On the other hand at least two Muslim countries have been able to make a break-through with export led growth. Malaysia and Indonesia with annual growth rates above six per cent may serve as role models for many other Muslim countries.

This is happening in a world in which the most advanced countries, indeed the entire developed world, is struggling hard to reach and maintain a three per cent annual rate of growth and to help their large number of unemployed find jobs.

Then we have the latest UNDP report (for 1994) naming a number of Muslim countries making "big advance" up the HDI (Human Development Indicators) ladder: Iran, Turkey, Malaysia and Tunis.

The message is clear: No one is condemned to poverty and backwardness for all time to come, as no one is assured of being at the top for ever.
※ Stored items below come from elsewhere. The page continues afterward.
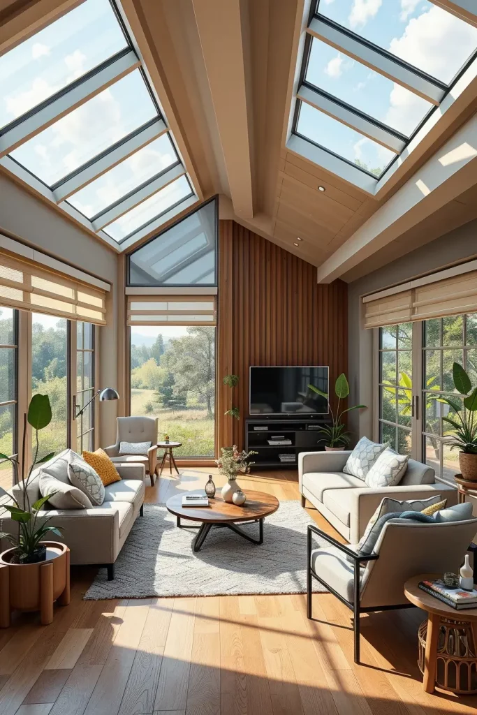 I would like to use solar-powered skylights, blinds, and charging stations in modern houses. Not only do they decrease reliance on grid electricity, but they also introduce something new and futuristic to the interior design.
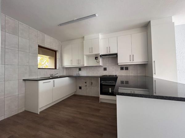 The modern kitchen has a brand new, never been used before electric stove / oven. New granite countertops and a decent amount of cupboard space.
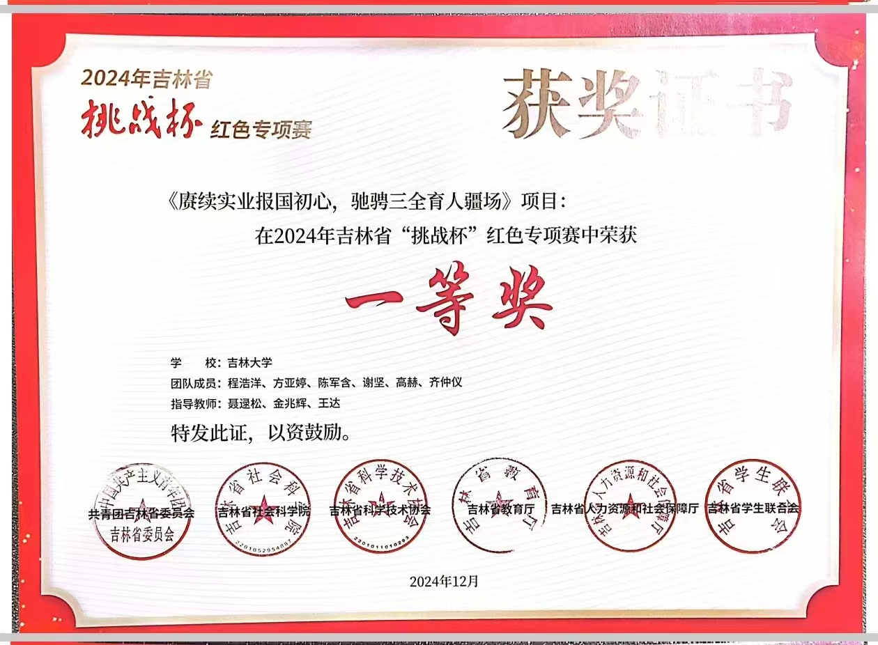 近日,在共青团吉林省委员会、吉林省社会科学院、吉林省科学技术协会、吉林省教育厅、吉林省人力资源和社会保障厅、吉林省学生联合会共同主办的2024年吉林省“挑战杯”红色专项赛中,av在线 学生工作办公室和学生车队党支部指导学生参赛并取得优异成绩。其中,参赛项目《赓续实业报国初心,驰骋三全育人疆场 ————以av在线 学生车队为例探究红色精神对双创实践平台的促进作用》荣获该专项赛一等奖。
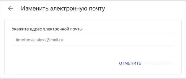 5. Укажите новый адрес электронной почты и нажмите Продолжить.
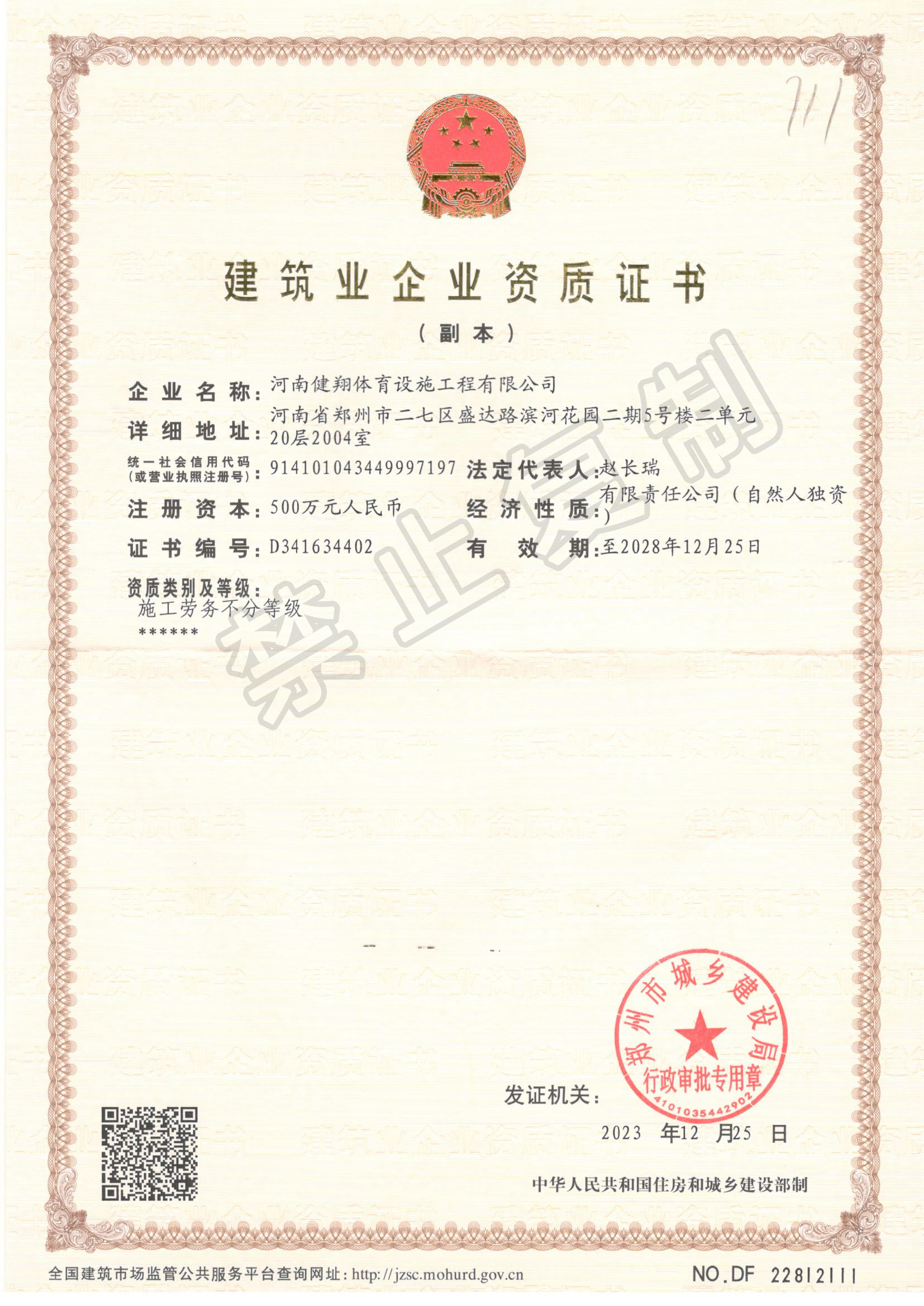 河南健翔體育設(shè)施工程有限公司是一家集生產(chǎn)、銷售、咨詢、設(shè)計、施工、維護(hù)于一體的專業(yè)體育運(yùn)動場地施工工程有限公司,我們將“優(yōu)質(zhì)、高效、誠信、發(fā)展”作為公司一貫的經(jīng)營理念。自公司成立以來,本著“誠信經(jīng)營、客戶 ”的經(jīng)營態(tài)度,以客戶為中心的經(jīng)營思想,博得行業(yè)的贊譽(yù),以及客戶的信賴。公司擁有一整套實(shí)用的獨(dú)特施工技術(shù)及施工設(shè)備、一批經(jīng)驗(yàn)豐富的專業(yè)施工團(tuán)隊,在全國各地承攬的施工工程中多項(xiàng)通過中國田徑協(xié)會驗(yàn)收、深得用戶好評和信賴,并取得了良好的社會效益!公司主要業(yè)務(wù)有:塑膠跑道工程、PVC塑膠地板工程、環(huán)氧樹脂地坪工程、幼兒園場地工程、體育器械設(shè)施工程、人造草坪工程、地板工程、硅PU球場工程、丙烯酸球場工程、圍網(wǎng)燈光工程等系列的體育場地及器材安裝和貿(mào)易等,為客戶提供新穎、優(yōu)質(zhì)、舒適的運(yùn)動場地…… >>查看詳情
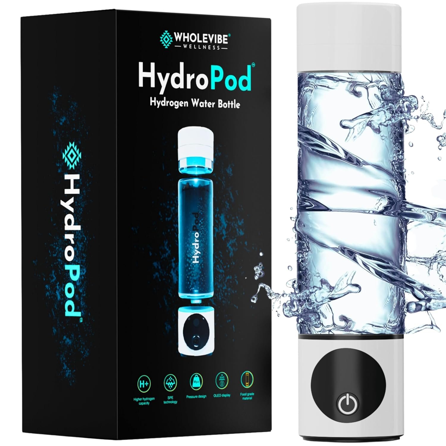HydroPod Premium Hydrogen Water Bottle Generator – Advanced HydroHealth Hydrogenated Water Machine & Ionizer – Smart Portable Water Purifier & Filtered Hydro Water Bottle
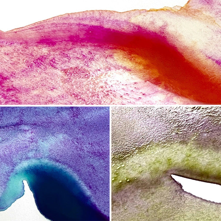 たっぷりの水で溶き、パレットの中で分離してから描くと、より色の変化を楽しむことができます。
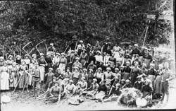 ![]() Una donna contadina di Storo, anni 1960 circa. | ![]() Montagna di Storo fine anni 30, cava di “barite” della SIGMA, il gruppo dei minatori tra i quali due membri della famiglia Sai. | ![]() Storo 1950, Francesco (Chechì) Grassi-Òe col suo bue, dietro il figlio Pietro (Perolì) con sua moglie Martina e i figli Francesco (Ceschino), Bruno e Anna. |
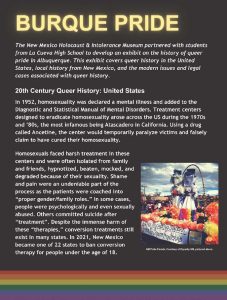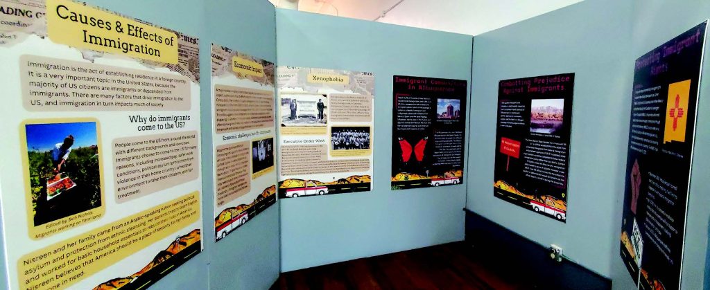 The exhibit design program offers a unique and transformative experience for high school students, blending academic rigor with creative expression and practical application. The semester-long journey fosters intellectual growth, collaboration, and a sense of accomplishment, giving students a lasting appreciation for the art of storytelling through exhibits and the impact of their work on the wider community. Student-designed exhibits have focused on topics such as the LGBTQ+ history of New Mexico, immigration and refugees, the Chicano movement, and Japanese American concentration camps in New Mexico during World War II.
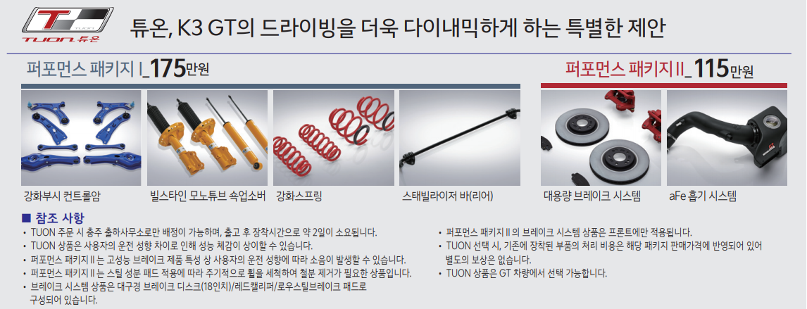 튜온 퍼포먼스 패키지 175만 원에는 강화부시 컨트롤암 독일 빌스테인 모노튜브 쇽업쇼버, 강화스프링, 스태빌라이저 바 를 선택할 수 있어 애프터 마켓보다 저렴하게 장착 가능하며 퍼포먼스 패키지 II 는 115만원으로 aFe흡기 시스템과 대용량 브레이크를 선택할 수 있어 대중적인 스포티함을 한층 넘어설 수 있는 파츠를 선택할 수 있다.
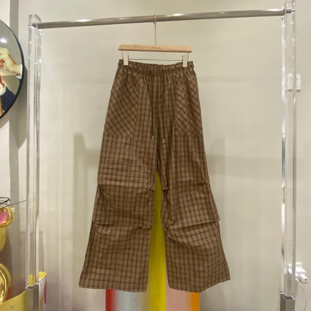 P859 鬆弛感格紋闊腿褲
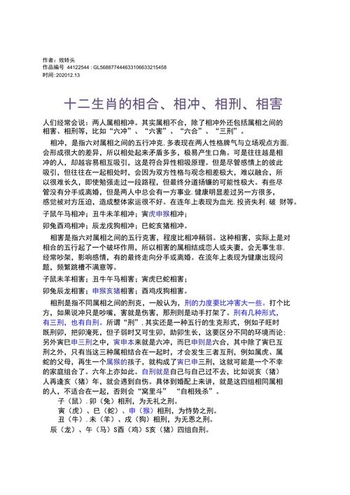 十二生肖是十二地支的形象化代表,即子(鼠)、丑(牛)、寅(虎)、卯(兔)、辰(龙)、巳(蛇)、午(马)、未(羊)、申(猴)、酉(鸡)、戌(狗)、海(猪),随着历史的发展,逐渐融入到相生相克的民间信仰观念中,体现在婚姻、生活、年运等方面,每一种生肖都有丰富的传说。
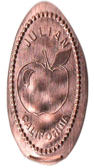 Retired 2: Raised image Apple “JULIAN” at top “CALIFORNIA” at bottom, dot border, die broke in test phase (v)
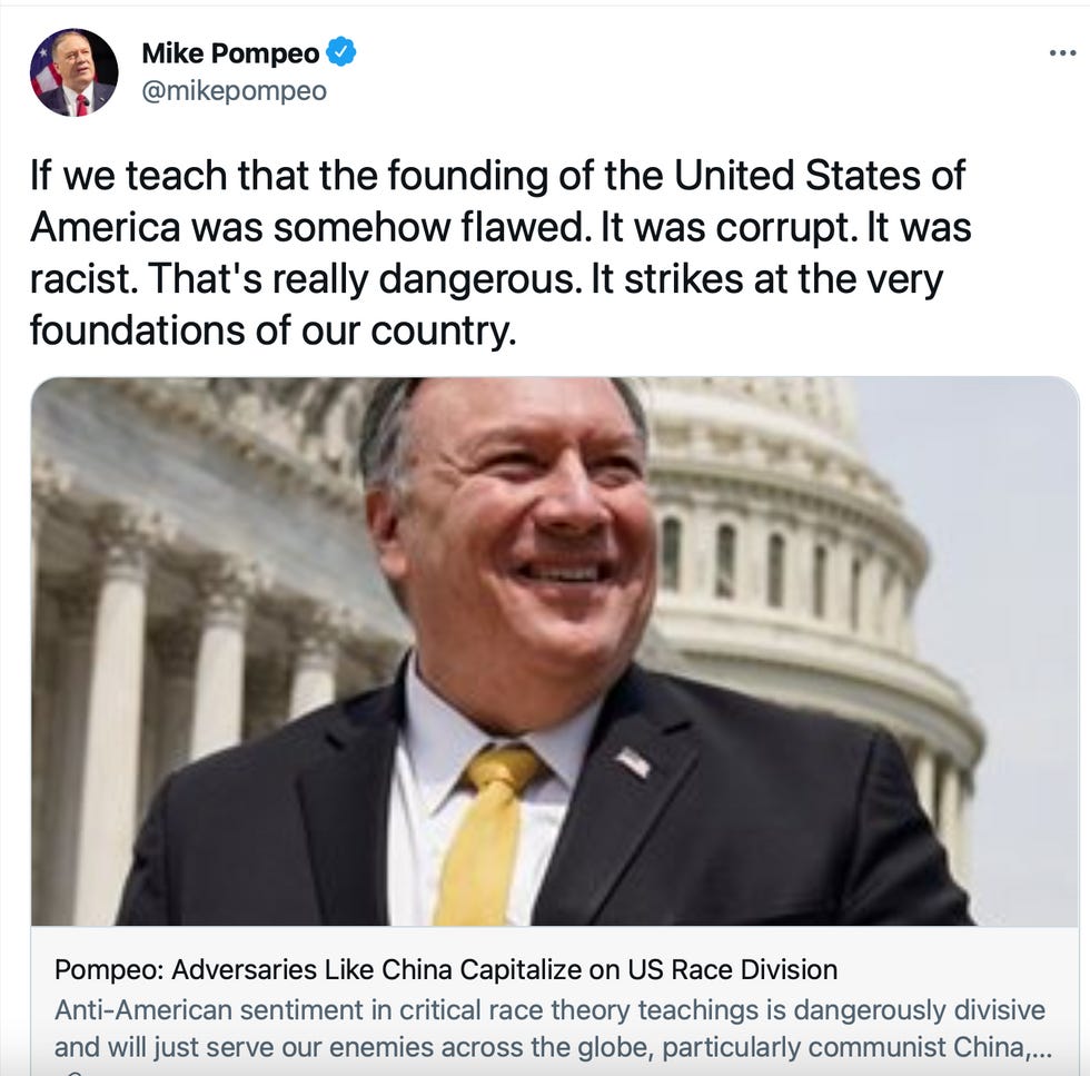 Conservatives are still ranting about critical race theory, which they insist is the most atrocious, disgusting thing that ever happened in America. Former Secretary of State Mike Pompeo, trotting out some stale 1950s talking points for Newsmax, claimed that communist China thrived on US race divisions that only exist because CRT radicals keep talking about it.
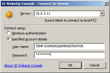 C:\Program Files\1E\WakeUp\Server>WakeUpAMT.exe –username=admin –password=admin
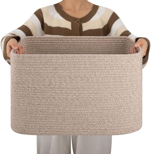 OIAHOMY Grand panier de rangement de couverture tissé avec poignée, panier en corde de coton pour organiser 55,9 x 43,2 x 30,5 cm, panier à couvertures, salon, panier à jouets pour chambre d'enfant

It is works that count.

What can Islamic economics contribute? Are there any signs it is going to make some difference? When, where, and what is expected?

The most likely place seems to be the universities, to begin with. The most promising subject is a sane and sound system of money and finance for which the search is on.

There is also the possibility that some Muslim countries manage to have sustained growth over the next few decades, accompanied by improved Islamic living. Of special importance in the context of Islamic living will be the family.

If a drug free, crime free, ecologically balanced growth which is every heart's desire materializes in some Muslim countries within the next few decades Islamic economics will have made a significant impact. Practical results are, after all, the ultimate touchstone for theory. The event itself is sure to lead to further refinement and development of the theory of Islamic economics.